It’s the beginning of another school year. Many of us are beginning to gather things for our classrooms or enjoying our last moments of vacation. During this last week of rest and relaxation, I read a book! I can hardly believe it myself! I’ve begun several, but this book seemed fitting as I begin to get back into the focused mindset of daily instruction. The book incited a great deal of reflection, but not only that, it is special because it is the memoir written by my father.
The book details my father’s life, beginning with a simple life growing up in rural south to his success as the first African American to lead a major national organization. He speaks in great detail of the values and mindset instilled in him at an early age by his parents. The encouragement he received and the motivation to believe he could achieve whatever he set his mind to were imprinted in him from as far back as he could recollect. Time and time again, he attributes every advancement in his career to the foundation of values his parents had imprinted in him. I stopped there in my reading to reflect.
Think for a moment. As an educator, what imprint have you left on your scholars? An imprint, by definition, is an impression or a mark made by pressure. This is a commanding responsibility when you consider all we are tasked to do within one year. Nonetheless, I believe it is necessary for each of us to evaluate the imprint we intend to impress upon our scholars as they enter our classrooms. To do this, let’s begin by thinking about your purpose in education. Why are you here?
Education is not for everyone as many of you well know. For those that are educators, think about why you chose this particular field. We all have our personal and/or professional reasons, but, it is my opinion that to be effective in this field, you must understand your purpose. I hope those of you reading this are here for the purpose of educating children (or adults) and developing productive thinkers and problem solvers as opposed to monetary gains and/or extended breaks. While financial stability (some of you probably chuckled right there) and weeks of vacation are attractive benefits to being an educator, nothing is more fulfilling than watching a child learn and grow before your eyes. Understanding your purpose for teaching is the first step toward leaving your imprint on a child.

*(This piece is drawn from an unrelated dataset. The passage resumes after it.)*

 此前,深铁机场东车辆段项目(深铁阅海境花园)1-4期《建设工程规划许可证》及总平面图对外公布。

In addition to understanding your purpose, the book also speaks about values. Think about the values you endorse in your life. Are they like the values of your classroom? Chances are the values you hold in the highest regard are ingrained and ever present in your life, no matter where you are, therefore, they will be modeled for the young people around you. As a teacher leader, it is imperative that we are clear and consistent about our values in order for them to leave an imprint.
The most important values I work to instill within my scholars (in addition to the school wide values that unite our school community) are growth mindset, kindness, and acceptance. These values set the climate within my classroom each day and throughout the year. They set the precedence for each individual and holds us all accountable for our choice behaviors.

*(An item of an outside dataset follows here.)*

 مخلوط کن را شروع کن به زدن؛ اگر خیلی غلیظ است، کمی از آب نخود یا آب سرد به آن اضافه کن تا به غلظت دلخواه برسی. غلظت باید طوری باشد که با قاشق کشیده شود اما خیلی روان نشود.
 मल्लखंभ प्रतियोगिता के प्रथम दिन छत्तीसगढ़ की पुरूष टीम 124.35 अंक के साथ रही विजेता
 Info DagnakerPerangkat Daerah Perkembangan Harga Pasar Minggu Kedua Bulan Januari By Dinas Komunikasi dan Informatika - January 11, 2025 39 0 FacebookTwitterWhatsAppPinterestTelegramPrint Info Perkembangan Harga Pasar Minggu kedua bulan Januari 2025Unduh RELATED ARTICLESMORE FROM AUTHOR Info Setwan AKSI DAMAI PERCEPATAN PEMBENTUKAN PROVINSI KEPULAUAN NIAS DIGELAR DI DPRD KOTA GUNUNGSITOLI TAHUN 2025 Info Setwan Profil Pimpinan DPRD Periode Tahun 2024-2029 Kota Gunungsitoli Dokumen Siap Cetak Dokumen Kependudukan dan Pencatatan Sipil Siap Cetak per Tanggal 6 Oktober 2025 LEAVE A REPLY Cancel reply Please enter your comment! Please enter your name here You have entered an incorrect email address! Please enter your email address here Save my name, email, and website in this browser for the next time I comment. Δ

For my scholars, a positive mindset, above all, has transformative power. I have heard the phrases, “ I can’t…”, “I’m not good at…”, and “I don’t know how…” on more occasions than I’d like to admit. The second I hear just one of those statements, I pull that scholar aside to see if I can determine the root cause. I tell them specifically to, “Get your mind right”! They often look at me with confusion. I go on to explain negativity has no place in their words. Further, I go on to explain the power of the mind. You see, once a scholar begins to think they can, more often than not, they will. I keep my expectation bar raised high and I do not ever doubt they cannot reach it. Of course, I may have several bars at different heights to meet the needs of each individual scholar, but know that each of them is reaching high to meet their own set of expectations. Seeing what once was a self defeating attitude and mindset shift into an intrinsically motivated zest for learning is more gratifying than any amount of money could buy. This is probably the most important value I hold in my class.
Words can build you up or they can tear you down. I’ve witnessed some shattered spirits enter my room. The power of kindness can break down barriers and allows people to open themselves up to build better relationships. It is important to understand that using kind words and feeling that one is a valued contributor within the class also helps build confidence and risk taking.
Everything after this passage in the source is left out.